If we let $Y_n=(n_n,d_n)^t$, then this satisfies $$ Y_n = \begin{pmatrix} -1 & x \\ -1 & x-1 \end{pmatrix} Y_{n-1} . $$ Now write $Y_n=A^n W_n$, with $A=\begin{pmatrix} -1 & 0\\ -1&-1\end{pmatrix}$, so $$ A^n = (-1)^n \begin{pmatrix} 1 & 0 \\ n & 1 \end{pmatrix} $$ (this is variation of constants, relative to $x=0$).

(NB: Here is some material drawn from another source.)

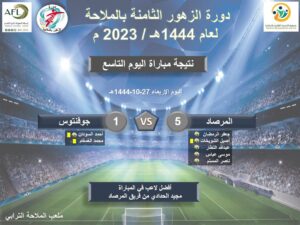 ضمن منافسات دورة الزهور الثامنة بالملاحة والتي تقام على الملعب الترابي، أقيمت عصر الاربعاء والخميس 27 و 28 شوال 1444هـ مبارتين، الاولى بين مرصاد سيهات والذي تفوق بخمسة أهداف مقابل هدف على جوفنتوس العوامية ليضمن المرصاد التاهل لمربع الكبار ولا يزال ابناء عوام في انتظار نتائج الجولة الاخير لمباريات المجموعة الاولى بين تشلسي سيهات وفريق المرحوم ناصر الذي سوف يحدد الطرف الثاني المتأهل للدور الثاني.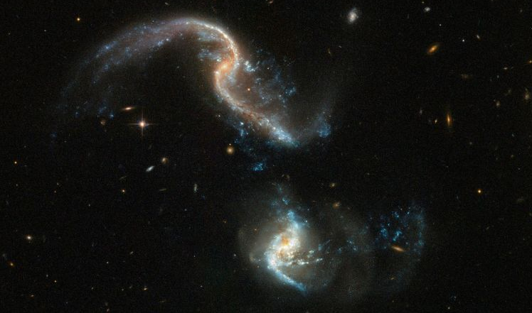 Пара сходящихся галактик была впервые замечена 52 года назад. Они похожи на естественный эксперимент, который проходит в космосе. Наблюдая за ними, астрономы могут лучше понять физические процессы, которые превращают спиральные и эллиптические галактики в новые образования.

By a calculation, $$ J(W_n-W_{n-1}) = -xH_n W_n, \quad\quad H_n=-JA^{-n}\begin{pmatrix} 0&1\\ 0&1\end{pmatrix}A^{n-1},\quad J=\begin{pmatrix} 0&-1\\ 1&0\end{pmatrix}. $$ An equation of this form is called a (discrete) canonical system, and it corresponds to a symmetric difference expression in the space $\ell^2_H$ if $H_n$ is a positive definite matrix.

Our luck holds here because a calculation gives that $$ H_n = \begin{pmatrix} (n-1)^2 & n-1 \\ n-1 & 1 \end{pmatrix} \ge 0 , $$ as required.

This explains why the zeros are real, though it doesn't show why they are in $[0,4]$. For this, one would have to analyze the spectrum of this system more carefully (you could rewrite it as a Jacobi difference equation).